Why stocks and bonds are on a tear today

US stocks rallied sharply on Wednesday as traders took in encouraging inflation data and strong earnings from Wall Street banks.

The sell-off in bonds also got some relief as the 10-year Treasury yield tumbled as many as 16 basis points. The move offers some relief to equity investors who have been nervously watching the 10-year note as it approaches the psychologically significant 5% threshold , which has historically been a sell signal.

The bright spot in Wednesday's data was core inflation — which strips out food and energy prices — coming in lower than expected. It soothed investor worries about persistently high consumer prices, at least temporarily. That concern has informed a sharp run-up in bond yields, as investors have pared back expectations of rate cuts in 2025, with some even surmising a hike could be the next move .

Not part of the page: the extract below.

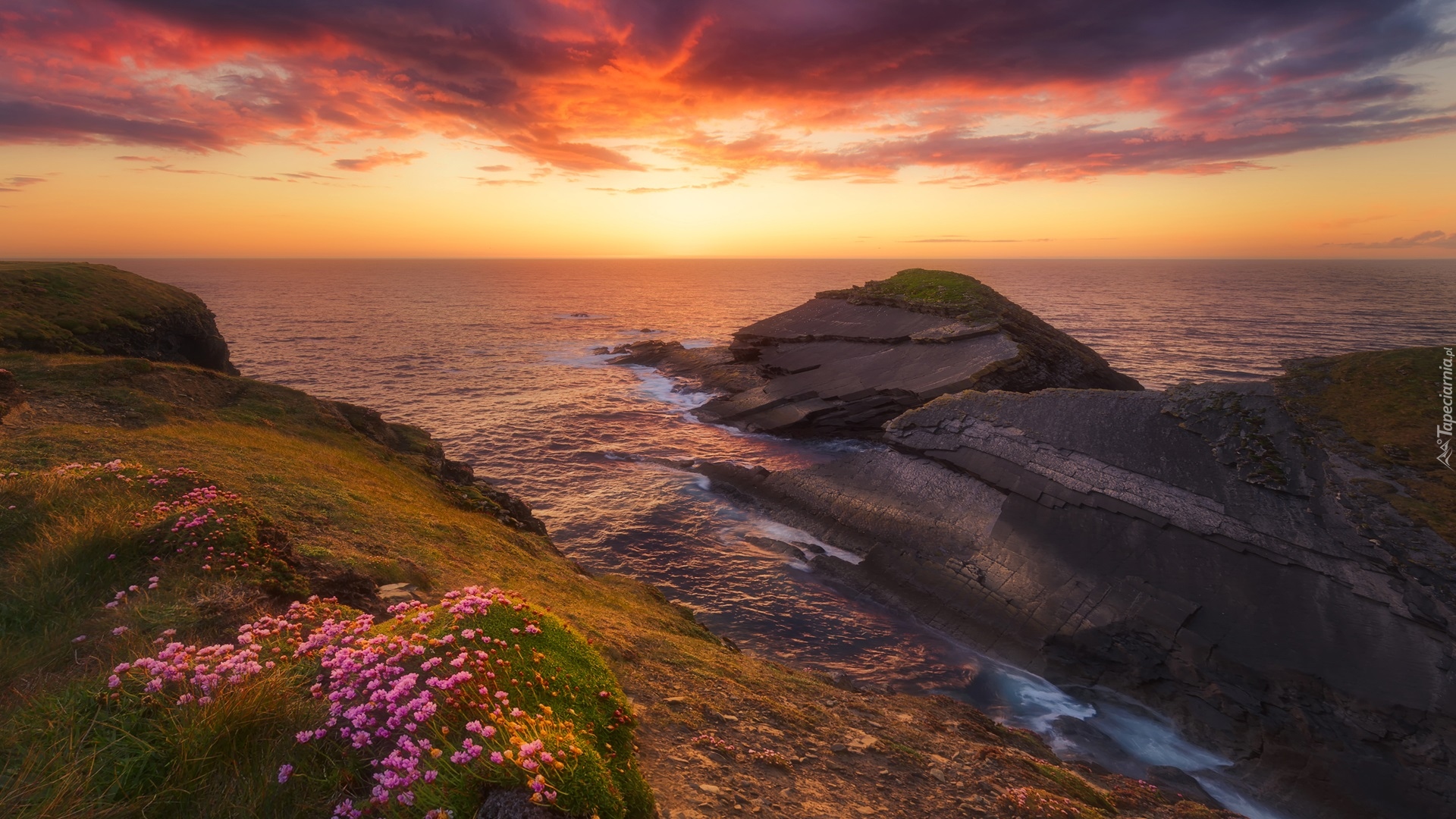 Edytor tapety: Różowe kwiaty na morskim wybrzeżu o zachodzie słońca

On the bank-earnings front, Goldman Sachs, JPMorgan, and BlackRock results all came in above expectations , fueled by strong trading-desk performance.

Here's where US indexes stood at the 4 p.m. closing bell on Wednesday:

Investors are largely expecting the Federal Reserve to pause its rate-cutting cycle this month. But the probability that the Fed will cut interest rates by 25 basis points twice this year rose Wednesday, with markets seeing a 30% chance rates will end the year 50 basis points lower from current levels, according to the CME FedWatch tool , up from a 24% probability on Tuesday.

"Wednesday's softer-than-expected CPI print offers some relief, especially after last Friday's hot employment numbers, that the Fed may be able to still cut interest rates in 2025," Skyler Weinand, the chief investment officer of Regan Capital, said in a statement. "Even if the Fed cuts rates in 2025, it's likely to be six to eight months away, as we are still too far from the Fed's inflation target for the Fed to continue their rate cut march anytime soon."

"The Fed can be patient and the economy is healthy," Scott Helfstein, the head of investment strategy at Global X, said. "This is not a time to run for the hills."